JM: Since I love photography and movie-effects I tend to underline VN's references. I haven't yet returned to SM or SO (where Nabokov describes Box I or II's tail coming out of focus, or a picture taken at the beach by strangers and in which he appears as part of the background). I started on other works - and found no "blue-tinted or rose-shaded photograph".
Negative finds can be enlightening, too. So here they are:
RLSK:
"on this painted photograph — a dream-wide street with droshkies all awry under incredibly blue skies, which, farther away, melt automatically into a pink flush of mnemonic banality."
"getting steadily fatter in a world of photographic backgrounds and real front gardens."
(I love this reference to Marianne Moore's real toads in imaginary gardens... it also links with the photograph in which VN is part of the background...)
There are many rich references to photographs in Pnin, Ada, Lolita... but none seem to match the quote you want. I couldn't resist copying another, from Pale Fire (it only caught my attention now! It's in CK's last line!)
"But whatever happens, wherever the scene is laid, somebody, somewhere, will quietly set out — somebody has already set out...is walking toward a million photographers, and presently he will ring at my door — a bigger, more respectable, more competent Gradus."

I recently quoted from Ada (but lost the reference to bring it up again here) where she exclaims that movie-producers hadn't yet been able to produce the overall effect that words could engender. That VN's words managed to achieve in the reader...
Yesterday I read a few stories by Asimov and there is one, "Gold" , in which high-tech scientists are working on compu-dramas. A first successful rendering of Shakespeare's "King Lear" produces effects of "sublimination", suggestion, blend of sound and image and texture, etc.
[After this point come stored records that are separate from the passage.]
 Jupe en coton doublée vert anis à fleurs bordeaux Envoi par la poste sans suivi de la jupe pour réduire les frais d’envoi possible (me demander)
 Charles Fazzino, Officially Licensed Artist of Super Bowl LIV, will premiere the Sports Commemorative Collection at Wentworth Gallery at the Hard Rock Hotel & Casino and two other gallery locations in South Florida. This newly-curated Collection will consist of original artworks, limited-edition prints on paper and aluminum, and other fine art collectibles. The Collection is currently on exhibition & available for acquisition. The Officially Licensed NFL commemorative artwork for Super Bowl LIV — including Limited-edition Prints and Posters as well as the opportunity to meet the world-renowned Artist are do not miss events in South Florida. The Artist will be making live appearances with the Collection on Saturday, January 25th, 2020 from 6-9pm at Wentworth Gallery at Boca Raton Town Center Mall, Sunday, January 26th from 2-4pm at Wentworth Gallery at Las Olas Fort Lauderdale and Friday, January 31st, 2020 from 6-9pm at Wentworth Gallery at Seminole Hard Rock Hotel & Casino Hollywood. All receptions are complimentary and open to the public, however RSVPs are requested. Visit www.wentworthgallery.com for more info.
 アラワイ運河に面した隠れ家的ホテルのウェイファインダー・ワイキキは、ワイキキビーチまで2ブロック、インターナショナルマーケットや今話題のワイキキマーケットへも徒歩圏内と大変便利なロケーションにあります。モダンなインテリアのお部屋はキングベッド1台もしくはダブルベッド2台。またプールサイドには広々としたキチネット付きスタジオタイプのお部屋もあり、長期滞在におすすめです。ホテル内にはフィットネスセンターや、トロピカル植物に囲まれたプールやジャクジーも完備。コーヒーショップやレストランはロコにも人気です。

The next project will be to represent a novel, "Three in One", by Gregory Laborian."
"Three in One" reminded me not only of Carolyn's project, Matt's arguments and Boyd's theories, but a rather (un) holy trinity and Sklyarenko's quotes about Aristophanes' speech ( not to mention C.G.Jung's theories from alchemical anima, shadows and the hyerophant - born from King Sun and Queen Moon ).
The interesting element, though, is the emphasis on computerized "synesthesia" that transforms words into something new. After Willard (the producer) manages to film "Three in One" Laborian says that it is: "much better than your King Lear...Consider the material you had to work with in doing King Lear. You had William Shakespeare, producing words that sang, that were music in themselves; William Shadespeare producing characters who, whether for good or evil, whether strong or weak...were all larger than life; William Shakespeare, dealing with two overlapping plots, reinforcing each other, and tearing viewers to shreds...But in Three in One, Mr.Willard, you were working with my words which didn't sing; my characters, which weren't great; my plot which tore at no one. You dealt with me...produced something great that will be remembered long after I am dead. One book of mine, anyway, will live on because of what you have done."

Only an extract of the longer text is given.